═══ DATA SECTION ═══

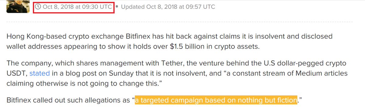16/ This may or may not be related, but (@Tether_to + @bitfinex), were going through *tough times* back in Oct. + Nov. 2018 ; that was when I exposed the fact they were insolvent (backed up by the New York AG), leading to the peg nearly breaking.
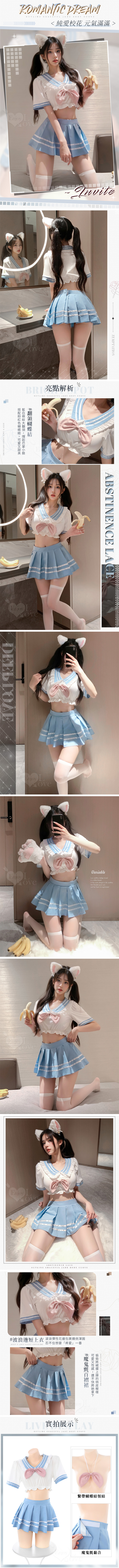 純愛校花 學生角色扮演翻領蝴蝶結百褶裙四件式套裝
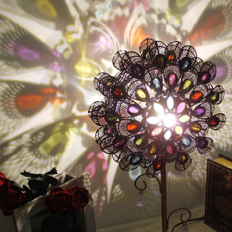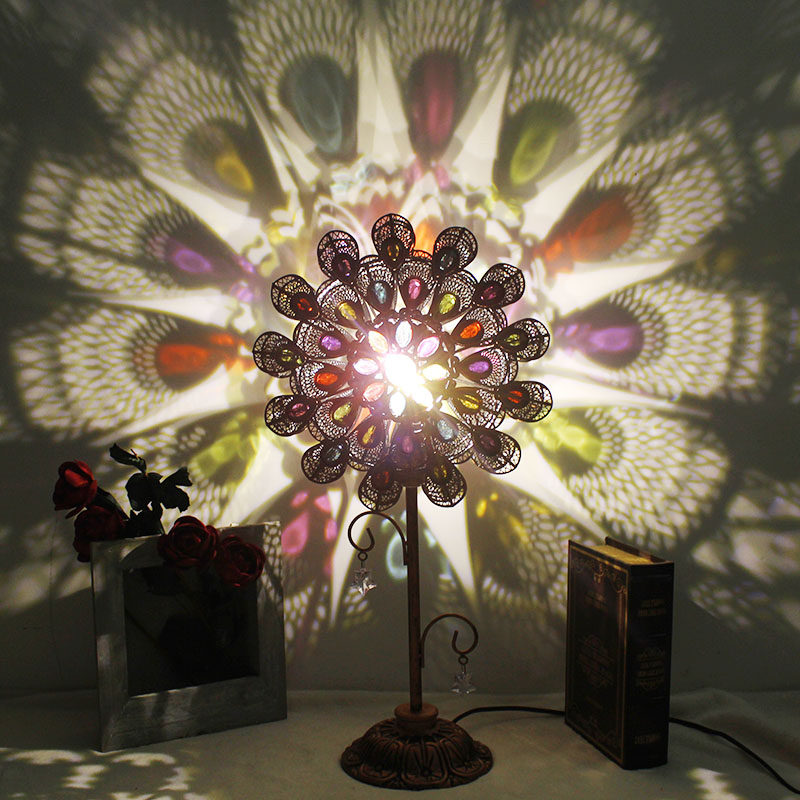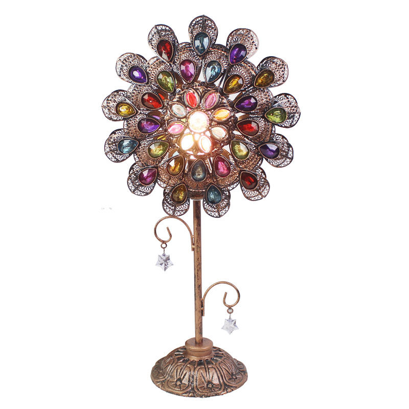 Creative flowers handmade peacock beaded wrought iron table lamp Southeast Asian restaurant homestay girl warm net red bedside lamp
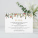 Pine greenery and glowing Christmas tree lights add a warm evergreen touch to this winter wedding details card. Use it to share accommodations, directions, transportation, registry information, or weekend schedule notes. All text fields are fully editable. Coordinates with the complete Christmas Tree Lights Pine wedding suite — invitations, RSVP cards, menus, programs, and signage.
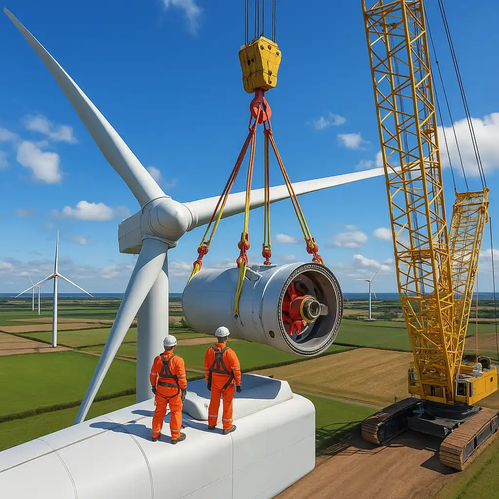 Major Component Exchange (MCE) is a critical service for maintaining the long-term performance and safety of wind turbines. Our team specializes in the removal and replacement of high-value turbine components such as gearboxes, generators, main shafts, and blade bearings. Using advanced rigging techniques, engineered lift plans, and crane coordination, we execute exchanges with precision and minimal downtime. Whether it’s a planned replacement or an emergency swap due to catastrophic failure, Aegis Onshore ensures each MCE is performed safely, efficiently, and in full compliance with OEM standards. Our goal is to restore full turbine functionality while protecting asset life and production targets.

═══

_REQUIRED ACTION:_
If an entry contains an image, print the rest of that entry exactly and leave the image out.

_EXERCISE ANSWER:_
16/ This may or may not be related, but (@Tether_to + @bitfinex), were going through *tough times* back in Oct. + Nov. 2018 ; that was when I exposed the fact they were insolvent (backed up by the New York AG), leading to the peg nearly breaking.
 純愛校花 學生角色扮演翻領蝴蝶結百褶裙四件式套裝
 Creative flowers handmade peacock beaded wrought iron table lamp Southeast Asian restaurant homestay girl warm net red bedside lamp
 Pine greenery and glowing Christmas tree lights add a warm evergreen touch to this winter wedding details card. Use it to share accommodations, directions, transportation, registry information, or weekend schedule notes. All text fields are fully editable. Coordinates with the complete Christmas Tree Lights Pine wedding suite — invitations, RSVP cards, menus, programs, and signage.
 Major Component Exchange (MCE) is a critical service for maintaining the long-term performance and safety of wind turbines. Our team specializes in the removal and replacement of high-value turbine components such as gearboxes, generators, main shafts, and blade bearings. Using advanced rigging techniques, engineered lift plans, and crane coordination, we execute exchanges with precision and minimal downtime. Whether it’s a planned replacement or an emergency swap due to catastrophic failure, Aegis Onshore ensures each MCE is performed safely, efficiently, and in full compliance with OEM standards. Our goal is to restore full turbine functionality while protecting asset life and production targets.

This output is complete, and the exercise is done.